As part of its Command, Control, and Monitoring Technologies development efforts, the Kennedy Space Center is working in partnership with the Johnson Space Center and a commercial partner (Invocon Inc.) to develop a suite of stand-alone Micro-Wireless Instrumentation devices for space applications. This system addresses several major problems facing the United States aviation and space efforts including the following:

• Instrumentation is critical for spacecraft; however, it has been expensive to add instrumentation to the Space Shuttle because of the high integration costs of interfacing with existing Shuttle systems. For example, adding a single sensor may require power and data wiring to be installed from the sensor to a central instrumentation system some distance away. Each zone the wire crosses results in significant labor costs to update drawings, revise existing procedures, and modify Shuttle flight software.
• Wiring on aircraft and spacecraft has been a cause of numerous anomalies and failures. For example, a Space Shuttle wiring short circuit 5 seconds into the flight knocked out computer buses interfacing with two of the three main engines. As an aviation example, the crash of a Swissair MD-11 near Halifax, Nova Scotia, in September 1998 was attributed to wiring damage.
• Wiring adds significant weight to a spacecraft or aircraft (approximately 230 miles of wire per Shuttle, 300 miles per DC-9 airplane). Reducing weight is key to more-efficient and less-expensive air and space travel.

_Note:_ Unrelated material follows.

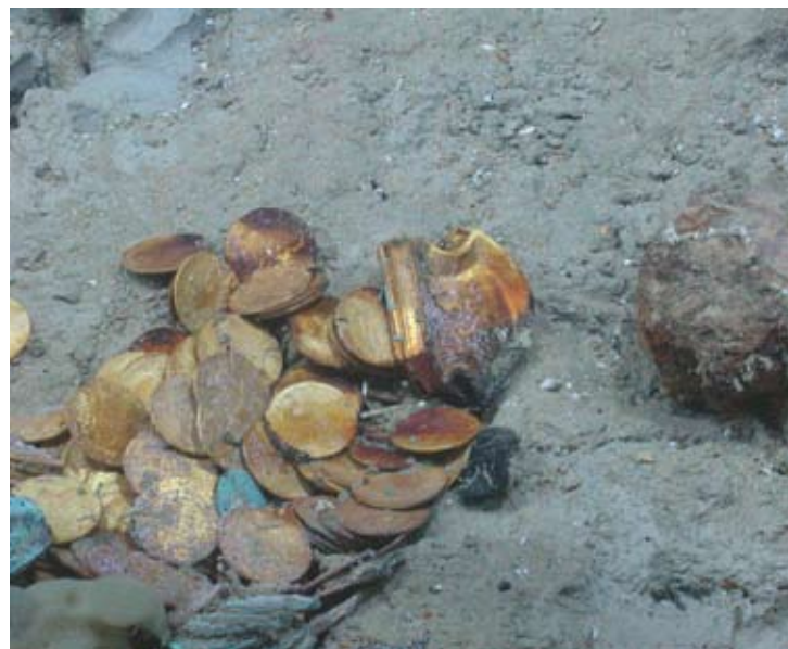
Odyssey discovered hundreds of silver coin concretions lying on the seabed at the "Black Swan" site. More than 500,000 silver coins, weighing more than 17 tons, were scattered over the site which comprised an area larger than six football fields.

• The Micro-Wireless Temperature Sensor System is a small, self-contained, battery-operated sensor system that measures temperature at a programmable sample rate and transmits the data to a receiver unit in real time.
• The Micro-Strain Gauge Unit is a small, self-contained, battery-operated, two-channel strain measurement system that can be programmed (via radio frequency [RF] link) to wake at a predetermined time or strain level and begin recording strain data. The recorded data can be downloaded via RF at 916-megahertz (MHz) and 1-milliwatt (mW) output power.
• The Micro-Tri-Axial Accelerometer Unit (TAU) is a small, self-contained, battery-operated, three-axis acceleration measurement system that can be programmed (via RF link) to wake at a predetermined time or acceleration load and begin recording data. The recorded data can be downloaded via RF at 916-MHz and 1-mW output power.

Key accomplishments:

• Utilization of the wireless instrumentation system has reduced the cost of adding temporary instrumentation to the Space Shuttle and International Space Station (ISS) by an order of magnitude.
• Inexpensive instrumentation was successfully provided in support of several space missions:
  – Space Shuttle Air Revitalization System (ARS) troubleshooting.
  – Forward Reaction Control System (FRCS) feed line design environments.
  – Recertification of Space Shuttle Main Engine thrust structure.
  – Environmental data for payload customers (Spacehab-Oceaneering Space System [SHOSS] Box, MACH 1).
  – ISS airlock temperatures.
  – ISS Multipurpose Pressurized Logistics Module (MPLM) acceleration monitoring.